Android: Unable to use Identity Provider

Created on 23 Nov 2020  路  4Comments  路  Source: home-assistant/android

Home Assistant Android version:
3.0.2-full
Android version:
11
Phone model:
Pixel 4 XL
Home Assistant version:
0.118.2
Last working Home Assistant release (if known):
0.118.2
Description of problem:
Unable to access Home Assistant via the Android app when any sort of identity provider is placed in front of the Home Assistant server as also noted in issues #151, #45, #167. The reason for the problem is that no authentication cookies are passed back to the Android app.

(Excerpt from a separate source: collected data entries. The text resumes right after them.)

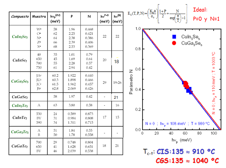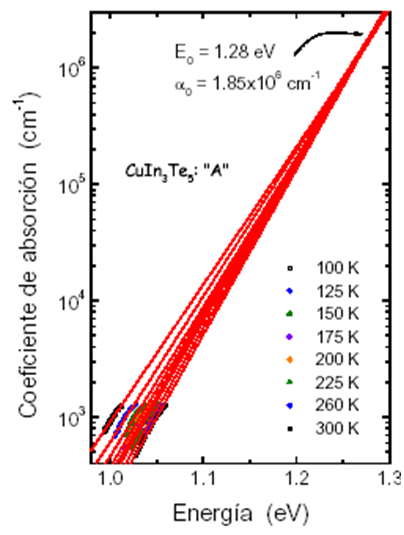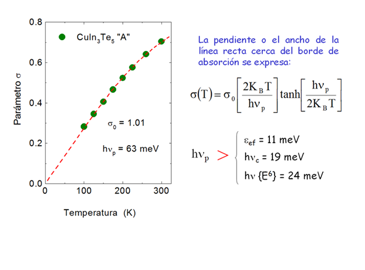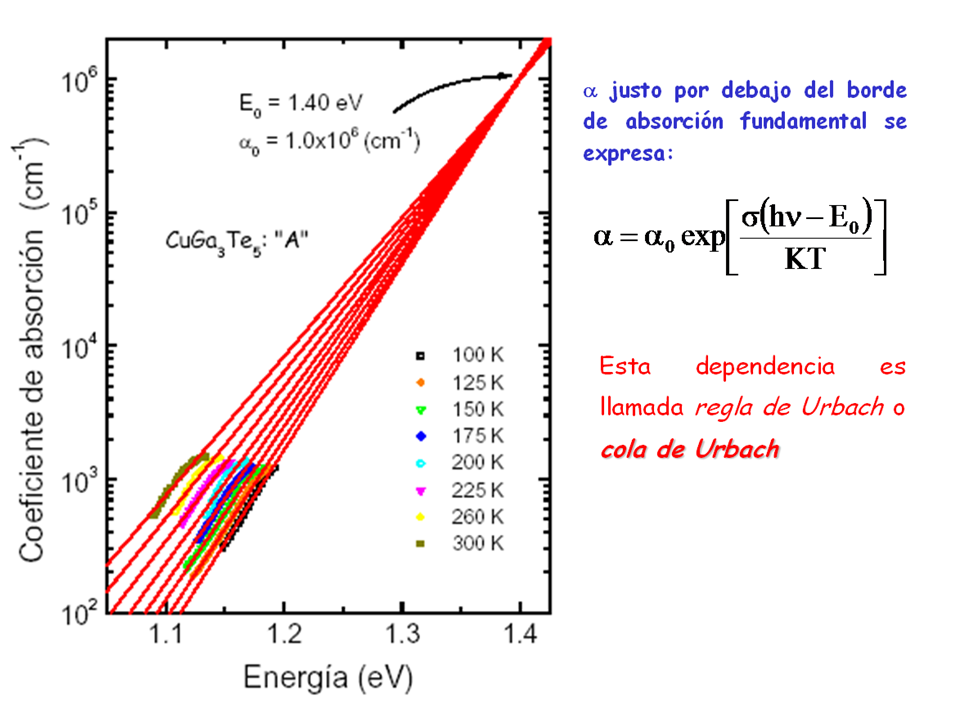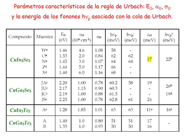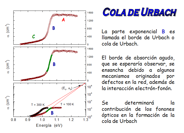 En los casos presentados en la figura anterior, la temperatura equivalente con hvp obtenida del ajuste de la Cola de Urbach, se corresponde muy bien con la temperatura de transición orden-desorden de estos semiconductores.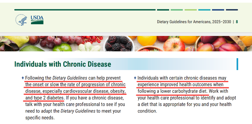 指南中特别提到:遵循膳食指南有助干预防慢性病的发生或减缓其进展,特别是心血管疾病、肥胖和2型糖尿病。患有特定慢性疾病的个体在遵循低碳水化合物饮食时,可能获得更佳的健康结果。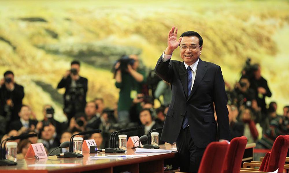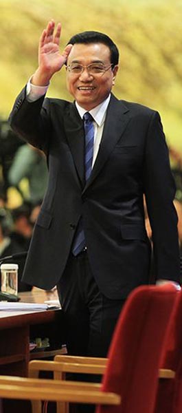 3月13日上午,十二届全国人大二次会议举行闭幕会,大会闭幕后,国务院总理李克强在人民大会堂金色大厅与中外记者见面并回答记者提问。图为李克强步入金色大厅向记者挥手致意。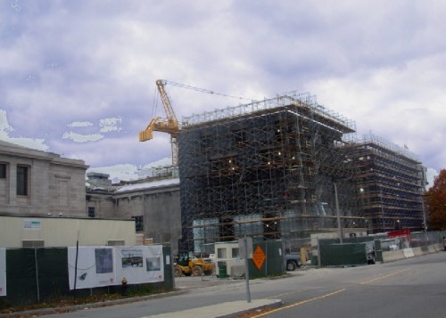 Originally housed in a Venetian Gothic building by Sturgis and Brigham, in Copley Square (1871-1878) the building was razed and replaced by the Copley Plaza Hotel. The valuable property was sold and the MFA moved up Huntington Avenue to its present location on the Fenway. The monumental classical building, designed by Guy Lowell (1870-1927), was constructed between 1906-1909. Following I.M. Pei, Lord Norman Foster is the third major architect to alter the footprint of the MFA. It is safe to predict that, when the construction is complete, the MFA will greatly increase its international status.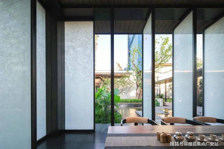 虚的庭院,被实的建筑环抱。园中临水轩堂,环绕于绿树和水景之间,恰似水墨画中的留白,邀请人们驻足其间,感受风的轻抚,聆听鸟的歌唱,体验宁静与恬淡。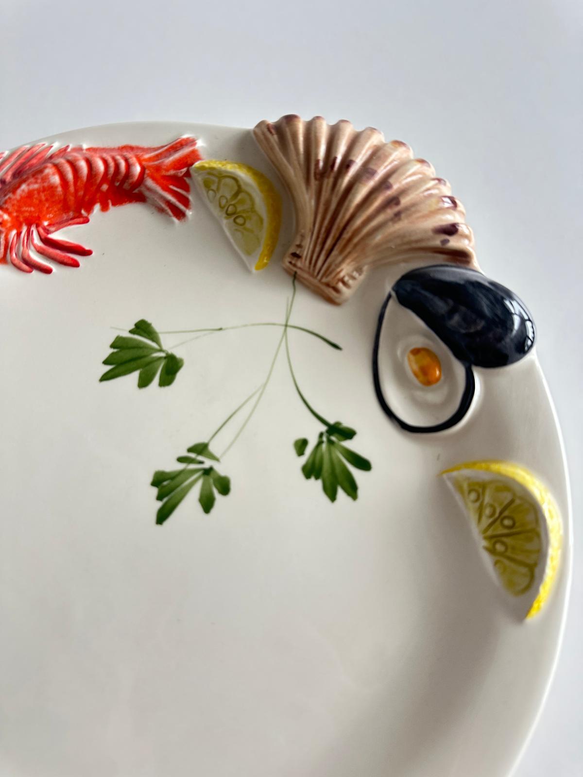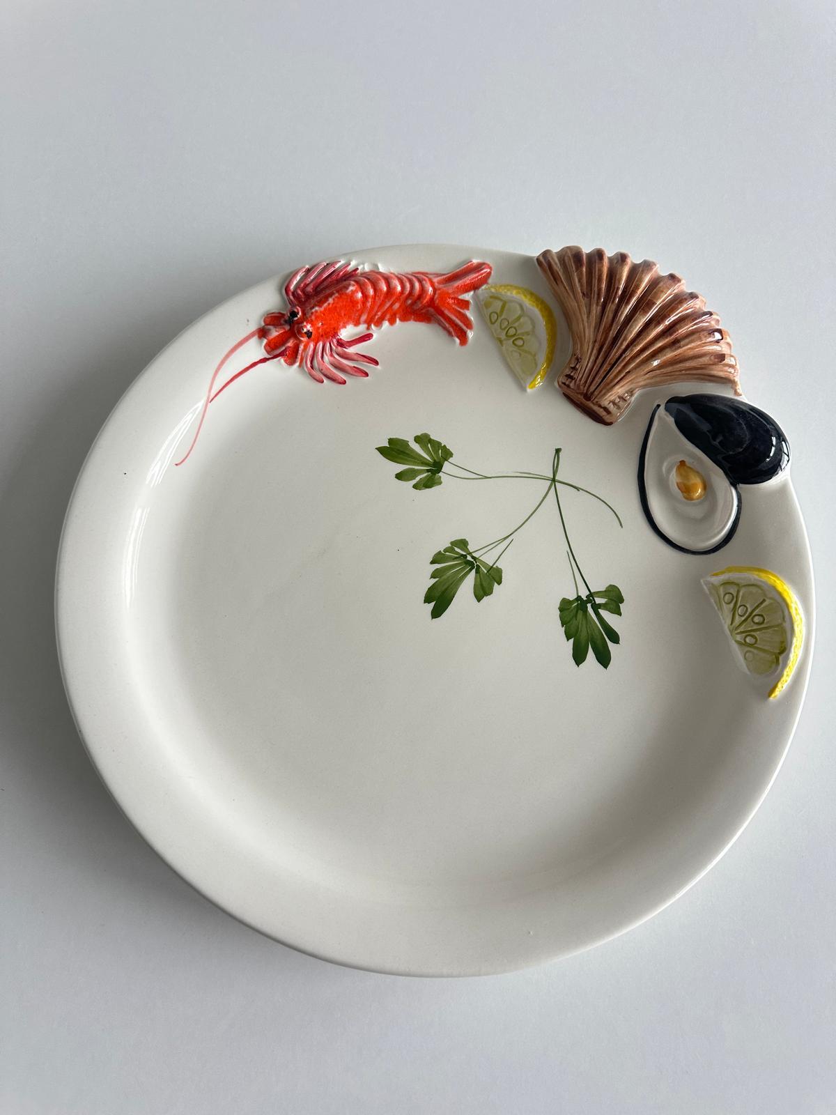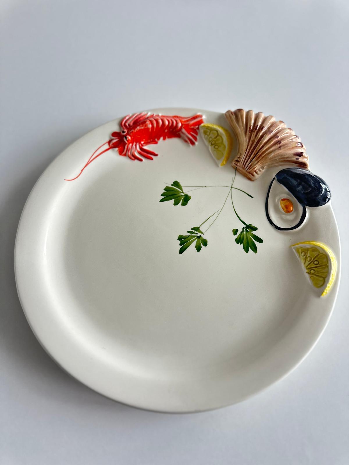 Okrągły talerz obiadowy z włoskiej ceramiki w odcieniu klasycznej bieli. Brzeg zdobią dekoracje 3D, przedstawiające elementy morskiej kuchni: czerwonego homara, muszlę św. Jakuba, czarną małżę, ćwiartki cytryny oraz zieloną natkę pietruszki. Każdy element jest ręcznie malowany, wypukły, starannie dopracowany i realistyczny, co nadaje talerzowi wyjątkowego, artystycznego charakteru.

I am currently using Cloudflare Access as my primary identity provider, but have the same problem with any other identity providers due to the same issue of cookies not being passed back to the app. So for now have to use work-arounds to identify and disable the provider prompt for trusted Android devices until this issue is resolved.

Traceback (if applicable):

Screenshot of problem:

Additional information:
The Android app should be using the Custom Tabs feature built into Android and the browser apps which would fix this and similar issues requiring cookies.

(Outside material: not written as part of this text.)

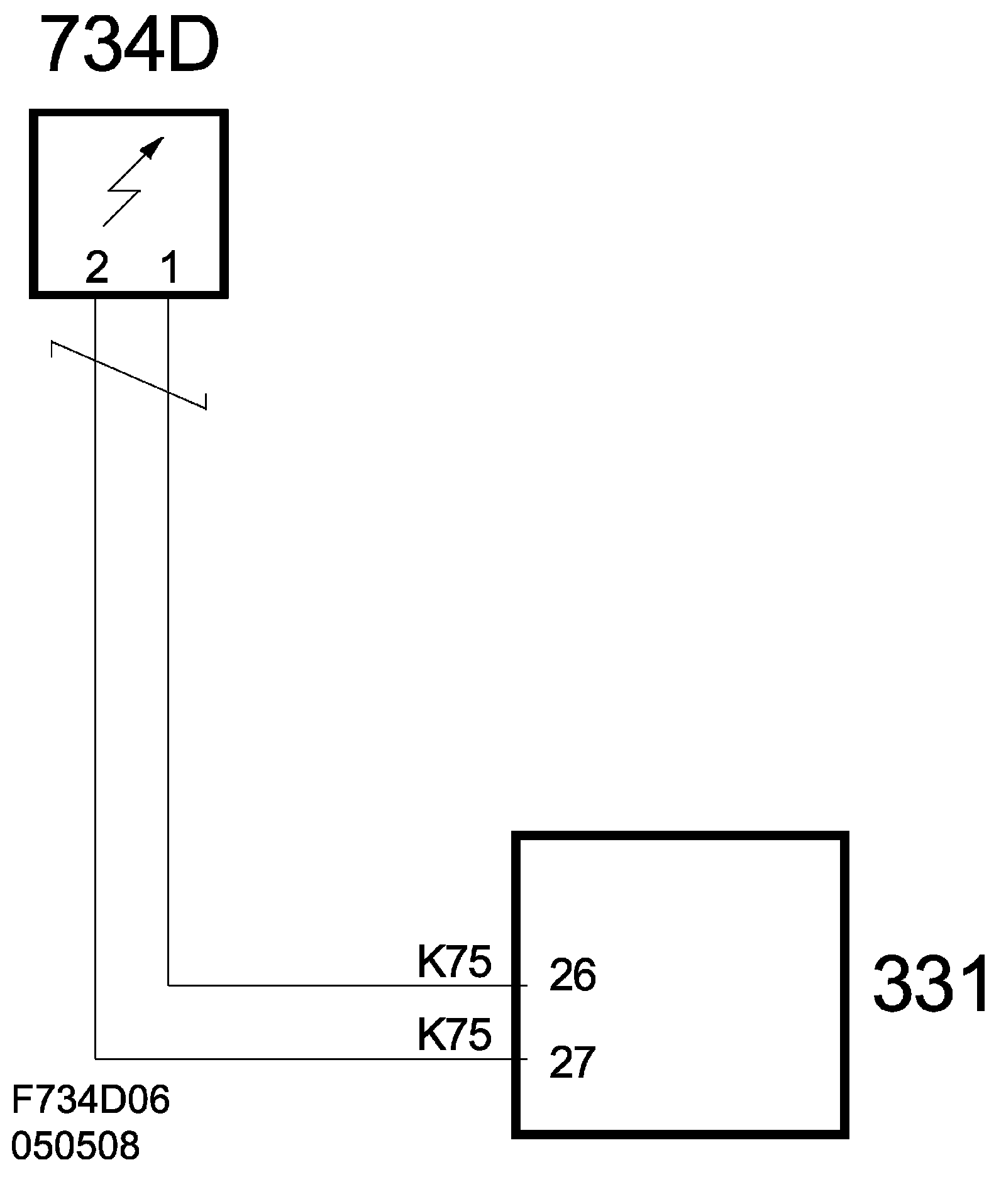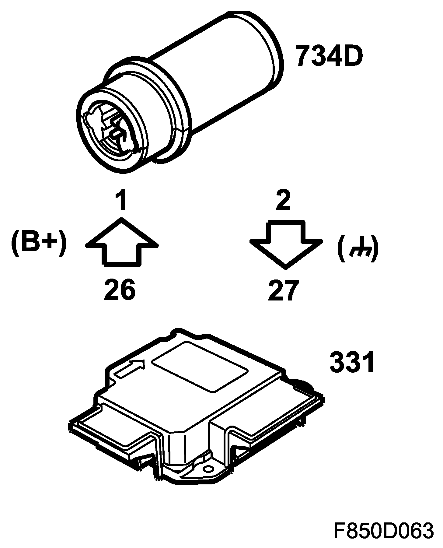 On activation, the driver's side activation unit (734D) is supplied with B+ from the airbag control module pin 26. The activation unit (734D) is grounded from control module pin 27.

https://developers.google.com/web/android/custom-tabs

When should I use Custom Tabs vs WebView?

The WebView is good solution if you are hosting your own content inside your app. If your app directs people to URLs outside your domain, we recommend that you use Custom Tabs for these reasons:

- Support for the same web platform features and capabilities as the browsers.
- Simple to implement. No need to build code to manage requests, permission grants or cookie stores.
- Shared cookie jar and permissions model so users don't have to sign-in to sites they are already connected to, or re-grant permissions they have already granted.
bug

Most helpful comment

@AndrewDaws The Custom Tabs don't give us enough control to intercept and handle the authentication in the application. We need the authentication in order to call the Home Assistant API from outside the webview for sensors and other features of the application. It also wouldn't allow us to inject the App Configuration item in the side bar of the app because we wouldn't have access to the JS on the page.

All 4 comments

Duplicate of #151 #45 and #167 please do not create a new issue if you noticed that others were closed for the reasons given. There may be a solution but it was mentioned we do not want to add it to the app.

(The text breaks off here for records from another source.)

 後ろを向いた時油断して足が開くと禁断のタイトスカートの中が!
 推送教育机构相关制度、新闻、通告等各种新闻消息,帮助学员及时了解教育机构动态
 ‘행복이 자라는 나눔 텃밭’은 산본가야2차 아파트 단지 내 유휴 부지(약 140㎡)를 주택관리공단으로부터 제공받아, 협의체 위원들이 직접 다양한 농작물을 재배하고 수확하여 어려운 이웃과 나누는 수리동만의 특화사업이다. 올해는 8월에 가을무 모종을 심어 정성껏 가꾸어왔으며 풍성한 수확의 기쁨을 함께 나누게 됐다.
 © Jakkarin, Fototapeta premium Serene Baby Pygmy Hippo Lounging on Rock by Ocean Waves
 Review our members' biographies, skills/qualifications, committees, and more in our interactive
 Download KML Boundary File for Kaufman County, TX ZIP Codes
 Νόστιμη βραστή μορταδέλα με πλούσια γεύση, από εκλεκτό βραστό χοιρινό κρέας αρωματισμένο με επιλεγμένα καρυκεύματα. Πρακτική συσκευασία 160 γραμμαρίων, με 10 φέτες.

https://github.com/home-assistant/android/issues/151#issuecomment-565689890
https://github.com/home-assistant/android/issues/45#issuecomment-565689908
https://github.com/home-assistant/android/issues/167#issuecomment-566918860

@dshokouhi I apologize for opening a duplicate issue, I do not know exactly how to bring attention to older closed issues. Especially when the reasons provided by @balloob were related to WebView, not Custom Tabs.

Are there reasons for needing to use WebView specifically when Android and most major browsers have supported Custom Tabs for awhile at this point?

@AndrewDaws The Custom Tabs don't give us enough control to intercept and handle the authentication in the application. We need the authentication in order to call the Home Assistant API from outside the webview for sensors and other features of the application. It also wouldn't allow us to inject the App Configuration item in the side bar of the app because we wouldn't have access to the JS on the page.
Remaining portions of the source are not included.